De Ligt ist beeindruckt
Unter anderem Matthijs de Ligt stand zu Beginn nicht selten verdattert da, wenn sein neuer Coach Übungen erklärte. Der Abwehrboss legt Nagelsmann das aber nicht negativ aus – sondern sagt: „Mir gefällt die anspruchsvolle Art seines Trainings enorm gut, weil du die Beine, den Kopf und deine Mentalität trainierst.“ Ähnlich sehen es viele verdiente Spieler – wobei der Grad zur Überforderung schmal ist.
Nagelsmann legt Wert auf Abwechslung, hat sich aber in dieser Saison angepasst. So splittet er komplexe Übungen inzwischen gerne in mehrere Einzelteile, um seine Idee Stück für Stück nahezubringen. Dass die Einheiten anspruchsvoll sind, erinnert an Trainings, die Pep Guardiola zwischen 2013 und 2016 in München angeleitet hat. Dass Spieler grundlegende Dinge – wie etwa den Pass in den richtigen Fuß – im Schlaf beherrschen, war für den Katalanen und seine Idee des Ballbesitzfußballs essenziell. Nagelsmann will vielmehr flexibel auf verschiedene gegnerische Formationen reagieren können.

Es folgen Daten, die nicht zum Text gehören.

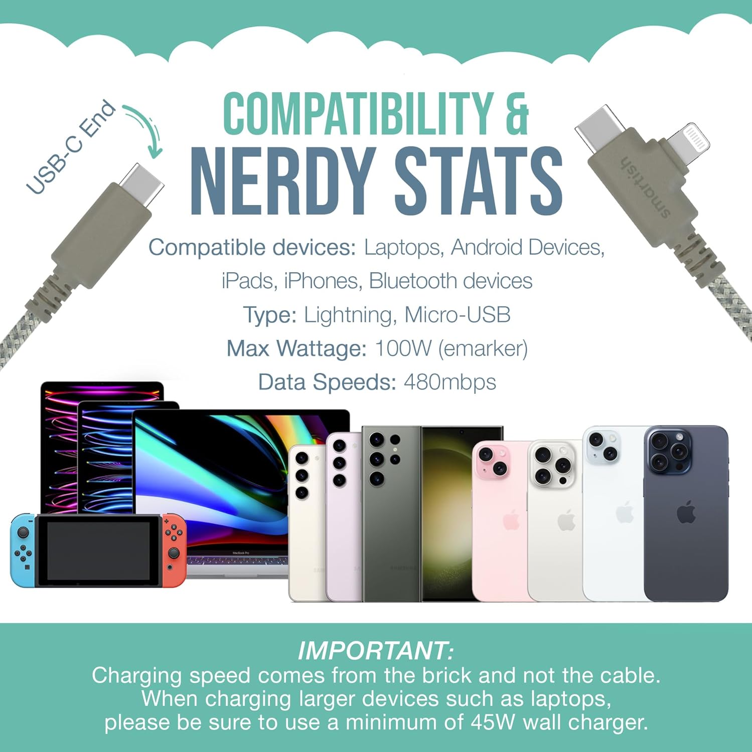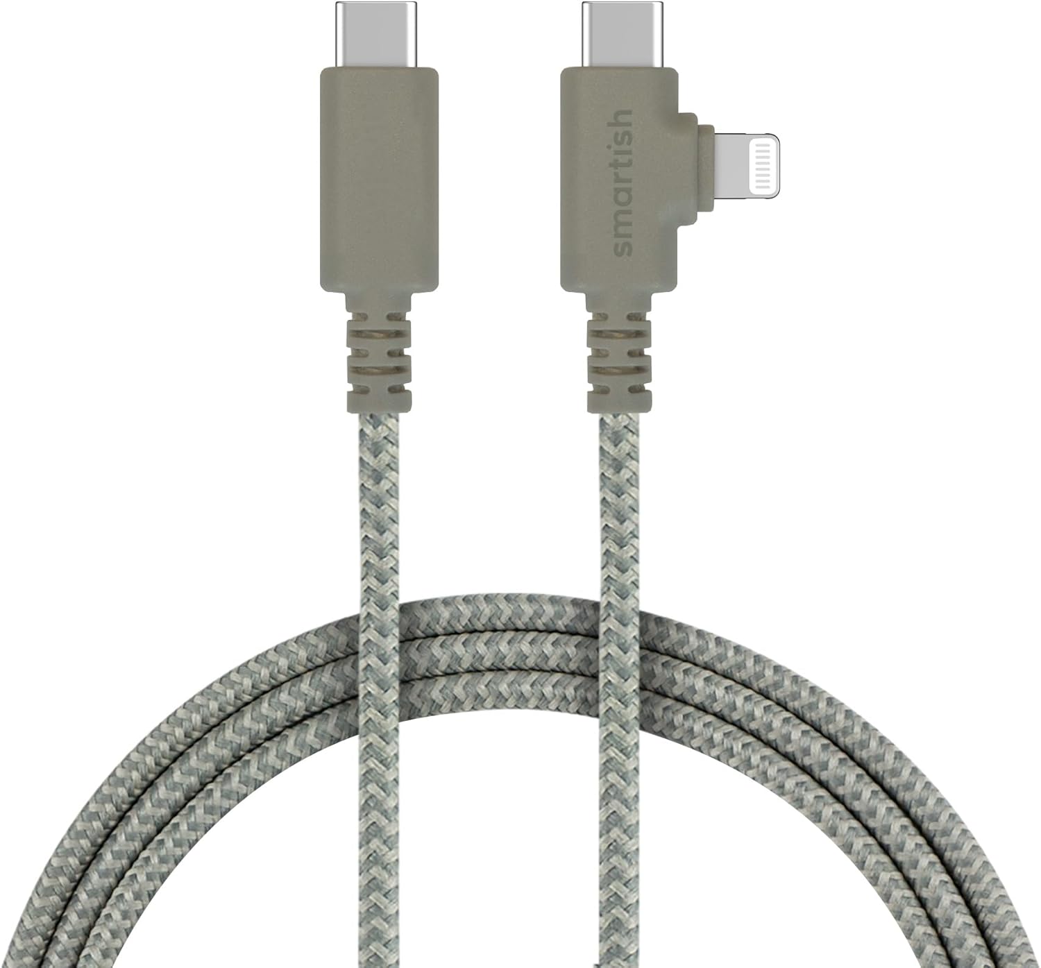 Smartish 2 in 1 USB C to USB C/Lightning Cable - Crown Joule - 6 Ft Fabric Wrapped Fast Charging Cord - for iPhone, Galaxy, Pixel - 100W Dual Fast Charger for Phones/Laptops - Lightly Toasted Beige

Dass er dabei auf deutlich mehr technische Hilfsmittel setzt als andere Trainer, ist kein Geheimnis. Die Live-Überwachung der Fitnesswerte ist da nur ein kleiner Baustein. Wichtig ist ihm die Überwachung des Trainings aus allen Perspektiven. Video-Wall, Trainer-Balkon und extra installierte Kameras sind Hilfsmittel, die er eingeführt hat – und die man ihm gerne zugesteht. Vorausgesetzt, das Training führt zum Erfolg.
Den Beweis muss Nagelsmann in den kommenden heißen Wochen erbringen. Daher besann er sich trotz moderner Ansichten zuletzt auf die Basics des Trainerdaseins. In einer internen Sitzung schwor er die Mannschaft schon vor der Partie gegen Union auf Hunger, Siegeswillen und Spielfreude ein. Gute Trainer – unter anderem Scaloni – wissen: Ein funktionierendes Team ist wichtiger als eine bis ins Detail ausgetüftelte Taktik.